• **EXTRACTED MATERIAL**
* * *
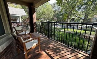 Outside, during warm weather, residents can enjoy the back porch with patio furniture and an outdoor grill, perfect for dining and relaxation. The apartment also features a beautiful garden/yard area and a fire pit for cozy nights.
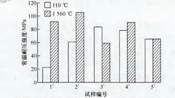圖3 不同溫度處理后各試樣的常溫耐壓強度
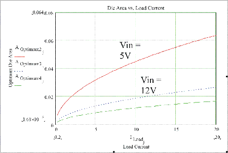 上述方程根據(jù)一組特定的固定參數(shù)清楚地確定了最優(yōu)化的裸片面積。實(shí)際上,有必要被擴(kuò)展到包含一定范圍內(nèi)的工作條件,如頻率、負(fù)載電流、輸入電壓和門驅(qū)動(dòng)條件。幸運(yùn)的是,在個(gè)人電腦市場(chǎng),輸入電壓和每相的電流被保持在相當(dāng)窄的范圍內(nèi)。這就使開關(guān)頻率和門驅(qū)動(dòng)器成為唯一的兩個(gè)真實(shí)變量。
* * *
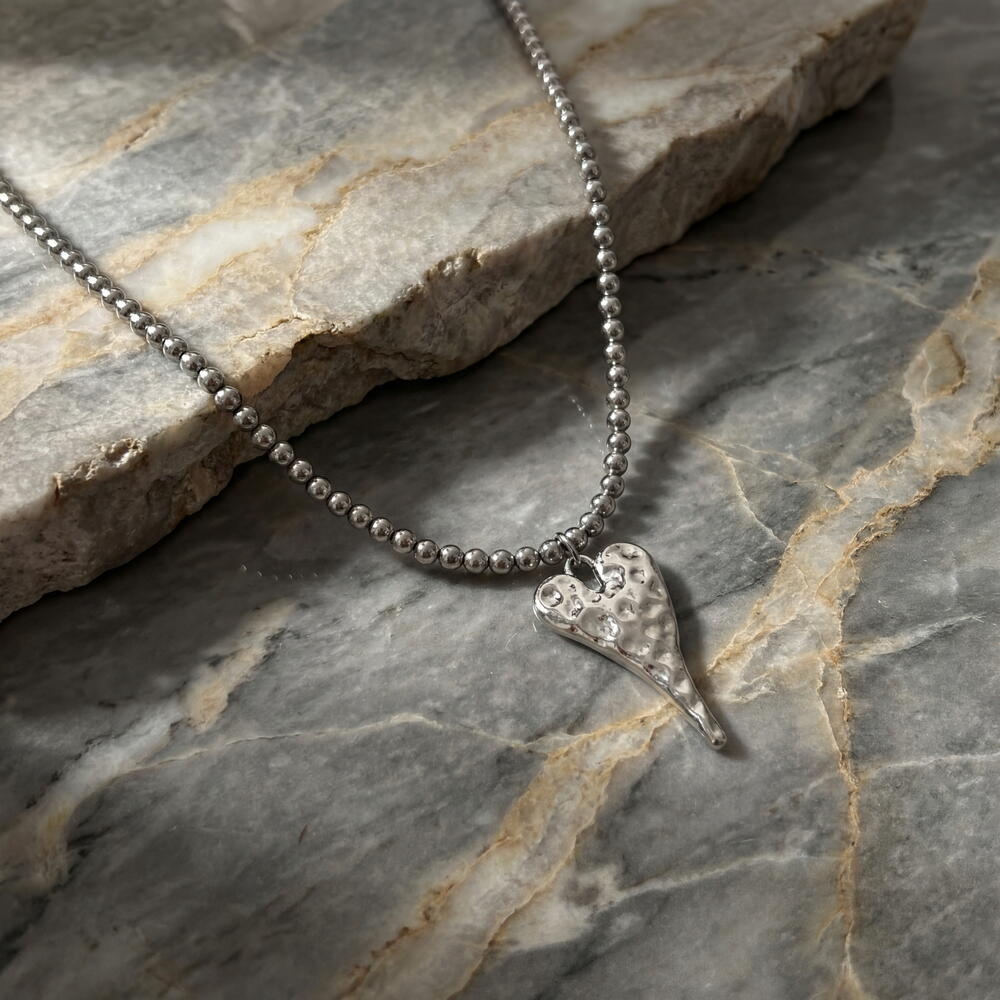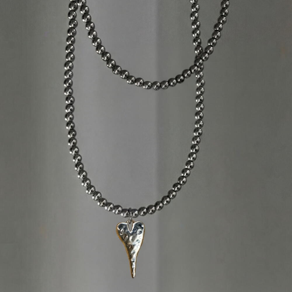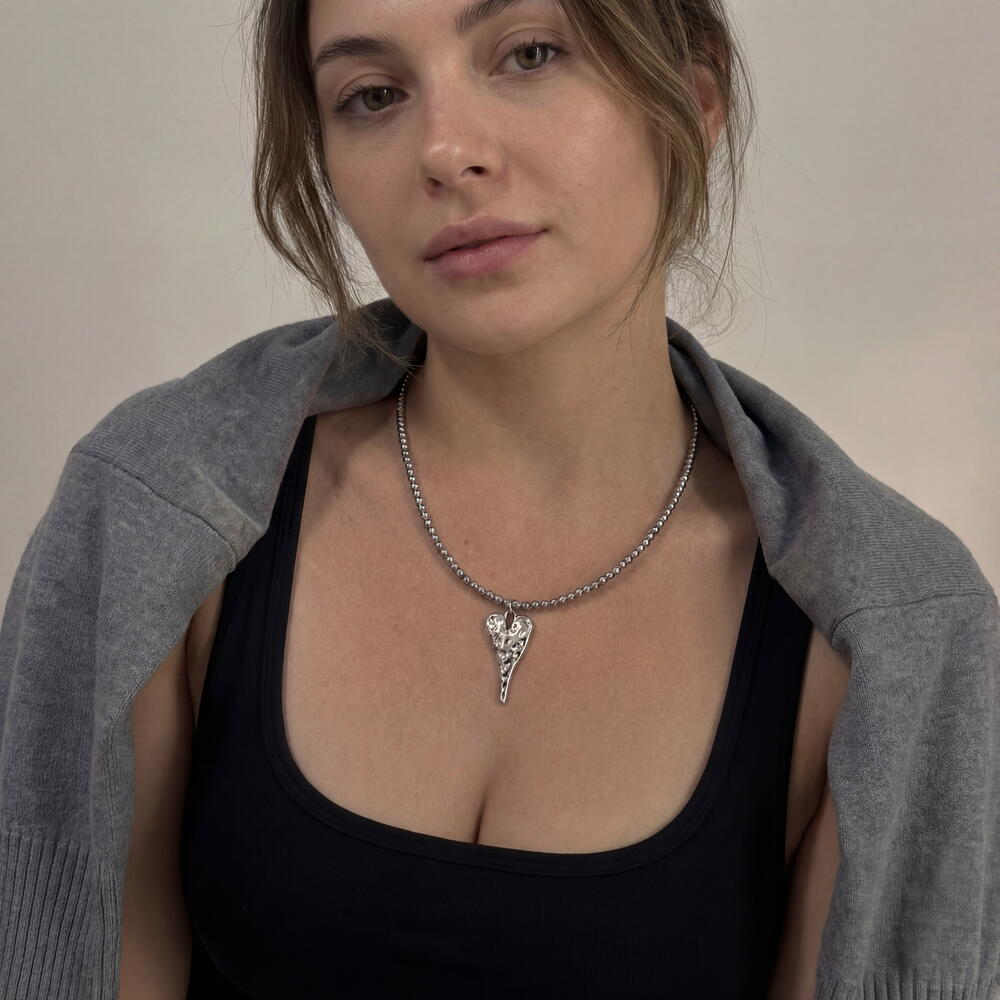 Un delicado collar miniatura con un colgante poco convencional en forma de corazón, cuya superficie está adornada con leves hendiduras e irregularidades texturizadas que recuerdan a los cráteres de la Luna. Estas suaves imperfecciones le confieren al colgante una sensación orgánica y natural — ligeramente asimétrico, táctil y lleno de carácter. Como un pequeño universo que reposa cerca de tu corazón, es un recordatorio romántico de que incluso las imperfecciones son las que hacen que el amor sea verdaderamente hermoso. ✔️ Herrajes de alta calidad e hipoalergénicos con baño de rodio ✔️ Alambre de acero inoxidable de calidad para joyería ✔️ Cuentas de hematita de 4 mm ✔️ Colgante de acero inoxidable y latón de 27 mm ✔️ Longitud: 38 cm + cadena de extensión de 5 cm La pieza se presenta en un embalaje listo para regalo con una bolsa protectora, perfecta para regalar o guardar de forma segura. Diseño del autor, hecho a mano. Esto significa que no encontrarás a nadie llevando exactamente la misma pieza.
* * *
• **DESCRIPTION OF THE TASK**
Although pictures appear among the records above, none are to be output; print exactly the lines from the line containing "Outside, during warm" through the line containing "圖3 不同溫度處理后各試樣的常溫耐壓強度".

• **REPLY**
 Outside, during warm weather, residents can enjoy the back porch with patio furniture and an outdoor grill, perfect for dining and relaxation. The apartment also features a beautiful garden/yard area and a fire pit for cozy nights.
圖3 不同溫度處理后各試樣的常溫耐壓強度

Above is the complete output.